DATA FOR PROCESSING
BEGIN
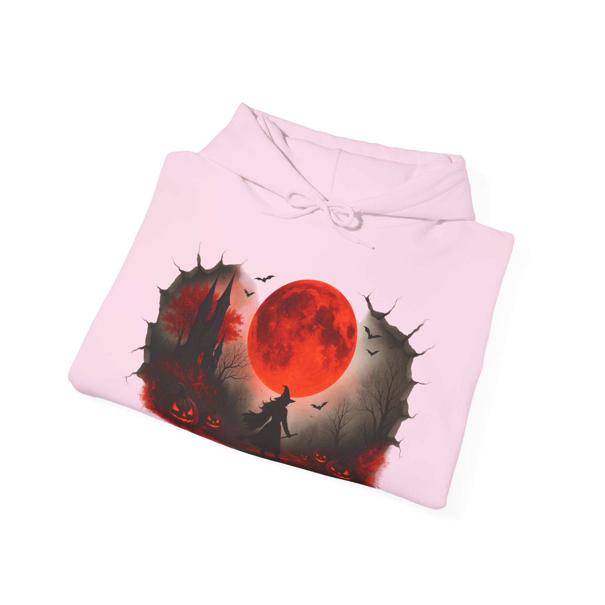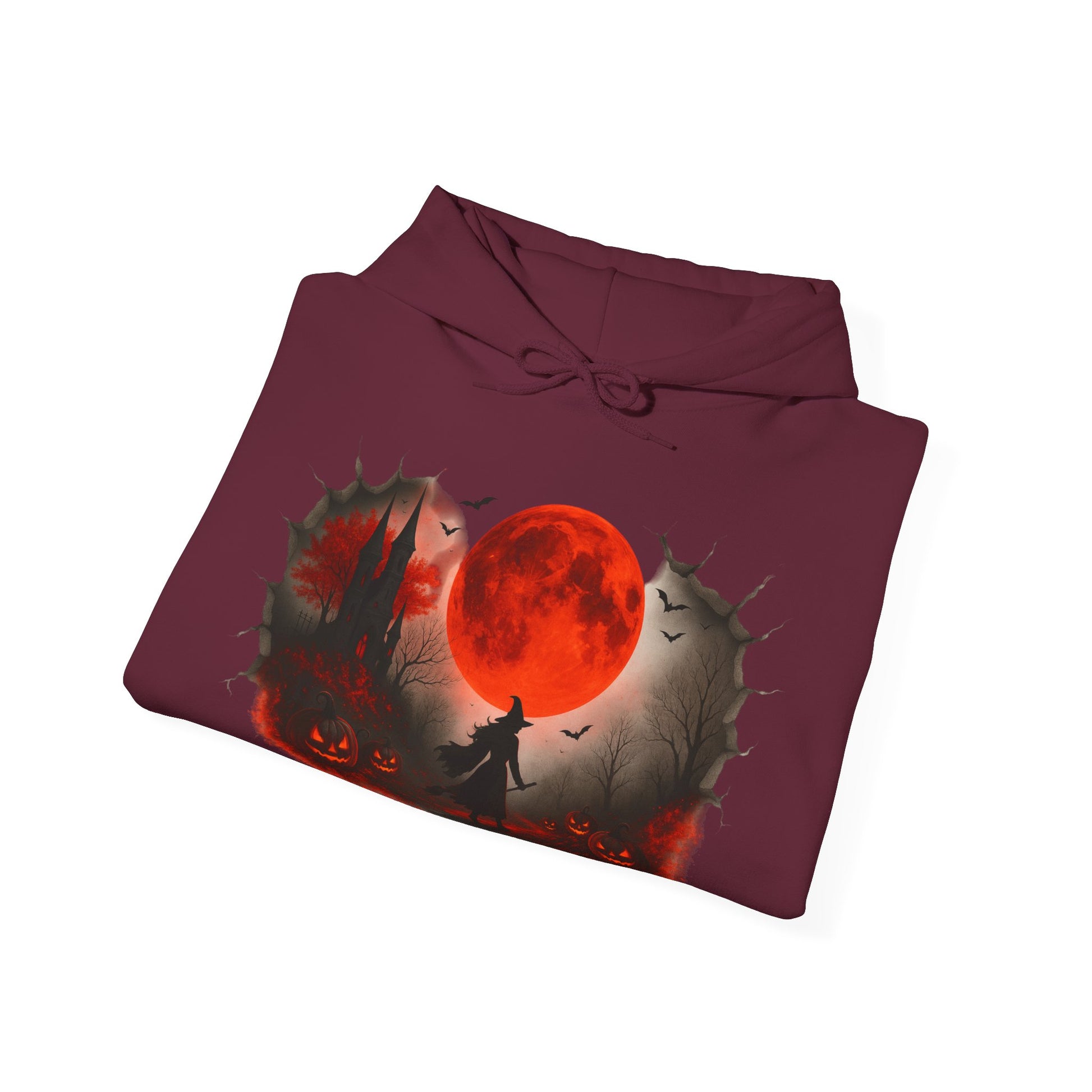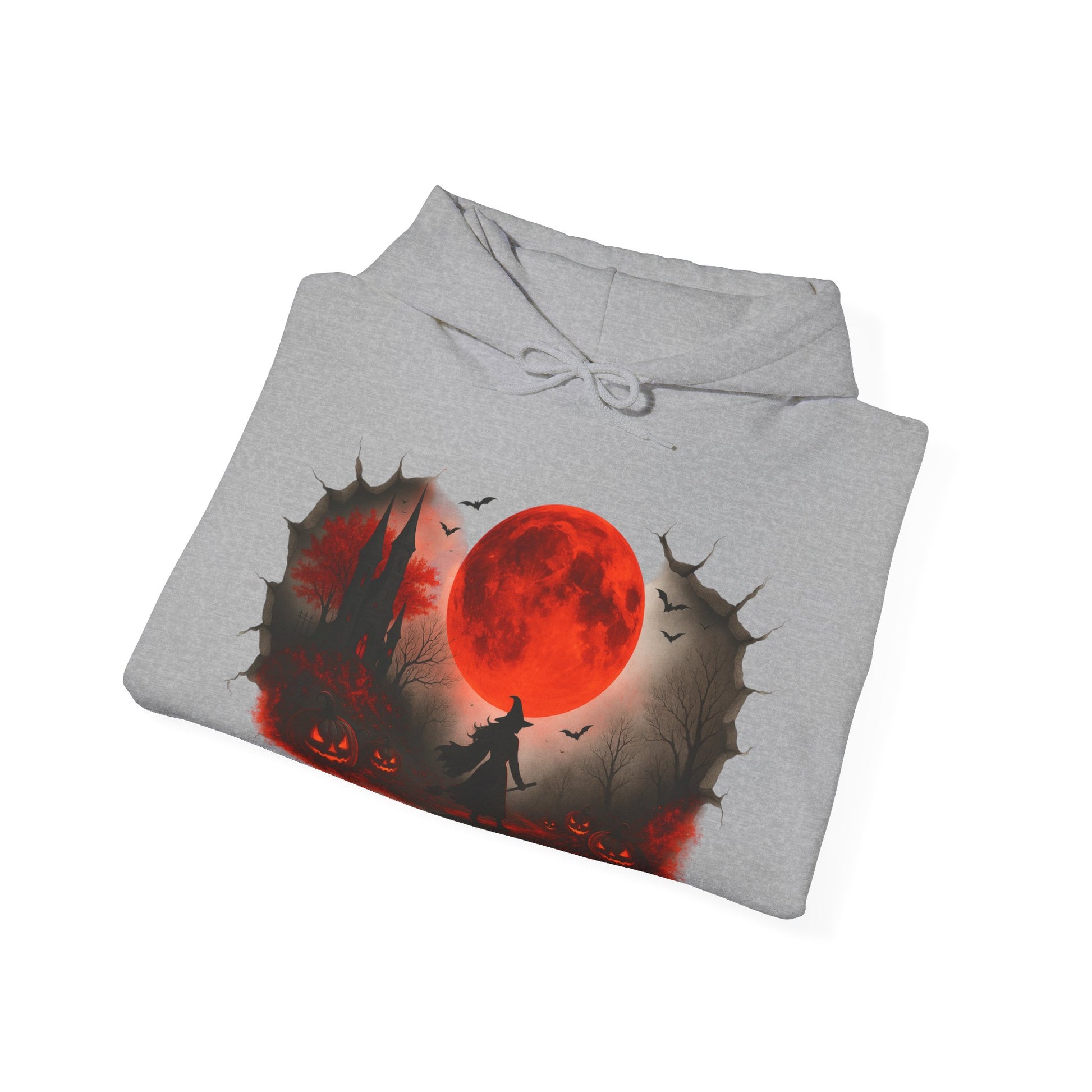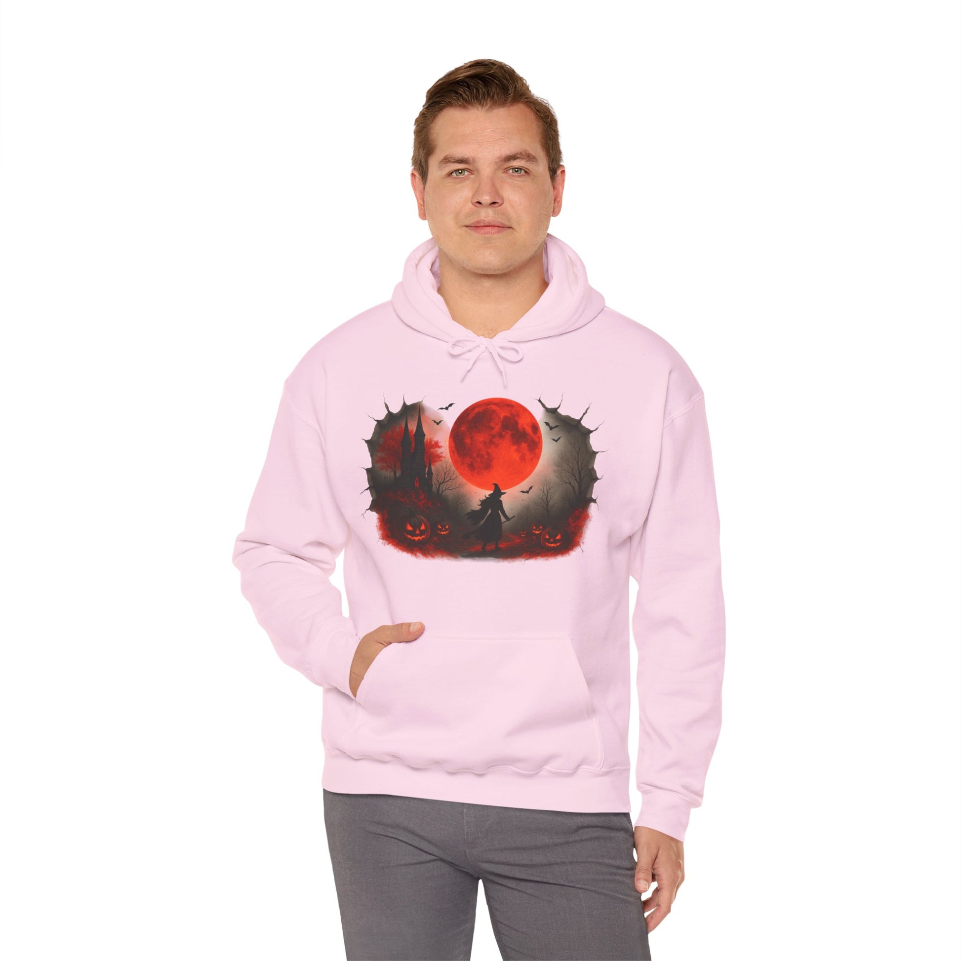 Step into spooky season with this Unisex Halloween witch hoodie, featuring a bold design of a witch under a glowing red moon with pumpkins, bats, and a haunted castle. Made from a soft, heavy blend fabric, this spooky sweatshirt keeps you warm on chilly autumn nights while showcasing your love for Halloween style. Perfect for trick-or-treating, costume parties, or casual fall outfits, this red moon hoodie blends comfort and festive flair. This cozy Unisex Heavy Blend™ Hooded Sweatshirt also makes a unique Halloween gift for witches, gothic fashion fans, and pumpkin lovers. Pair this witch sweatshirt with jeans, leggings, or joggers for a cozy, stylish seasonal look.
END
BEGIN
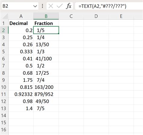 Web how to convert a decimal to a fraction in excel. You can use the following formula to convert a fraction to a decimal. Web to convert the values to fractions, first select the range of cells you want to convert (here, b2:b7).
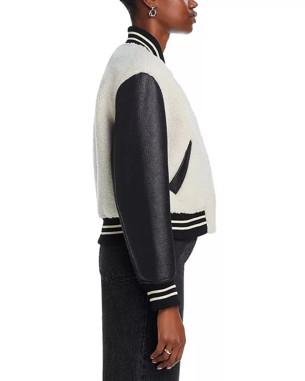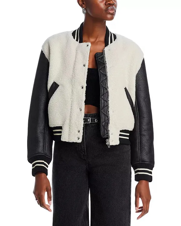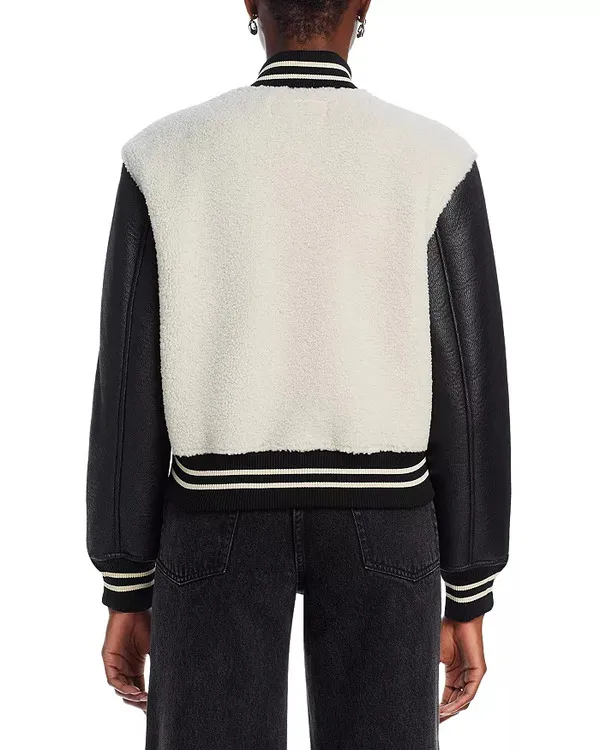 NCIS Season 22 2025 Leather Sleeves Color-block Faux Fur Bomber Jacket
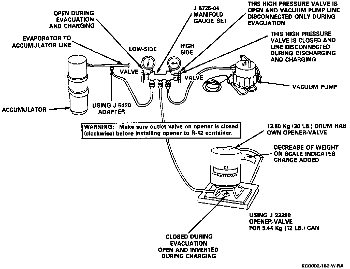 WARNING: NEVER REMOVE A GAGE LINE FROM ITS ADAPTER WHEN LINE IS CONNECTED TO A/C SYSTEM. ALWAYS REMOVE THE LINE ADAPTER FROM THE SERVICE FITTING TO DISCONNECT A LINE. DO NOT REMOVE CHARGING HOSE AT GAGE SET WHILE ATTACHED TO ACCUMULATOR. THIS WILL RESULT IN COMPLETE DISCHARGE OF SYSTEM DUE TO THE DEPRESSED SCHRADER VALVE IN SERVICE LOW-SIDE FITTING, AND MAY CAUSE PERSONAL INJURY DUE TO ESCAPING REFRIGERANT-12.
END
BEGIN
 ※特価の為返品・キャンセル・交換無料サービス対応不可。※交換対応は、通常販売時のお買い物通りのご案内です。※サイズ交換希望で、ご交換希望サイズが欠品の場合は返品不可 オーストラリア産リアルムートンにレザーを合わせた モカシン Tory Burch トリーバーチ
END
WORK REQUIRED
Look above for the line with "NCIS Season 22" and the line with "WARNING: NEVER REMOVE". Output those two and everything between them exactly, pictures excluded.

ANSWER SECTION
 NCIS Season 22 2025 Leather Sleeves Color-block Faux Fur Bomber Jacket
 WARNING: NEVER REMOVE A GAGE LINE FROM ITS ADAPTER WHEN LINE IS CONNECTED TO A/C SYSTEM. ALWAYS REMOVE THE LINE ADAPTER FROM THE SERVICE FITTING TO DISCONNECT A LINE. DO NOT REMOVE CHARGING HOSE AT GAGE SET WHILE ATTACHED TO ACCUMULATOR. THIS WILL RESULT IN COMPLETE DISCHARGE OF SYSTEM DUE TO THE DEPRESSED SCHRADER VALVE IN SERVICE LOW-SIDE FITTING, AND MAY CAUSE PERSONAL INJURY DUE TO ESCAPING REFRIGERANT-12.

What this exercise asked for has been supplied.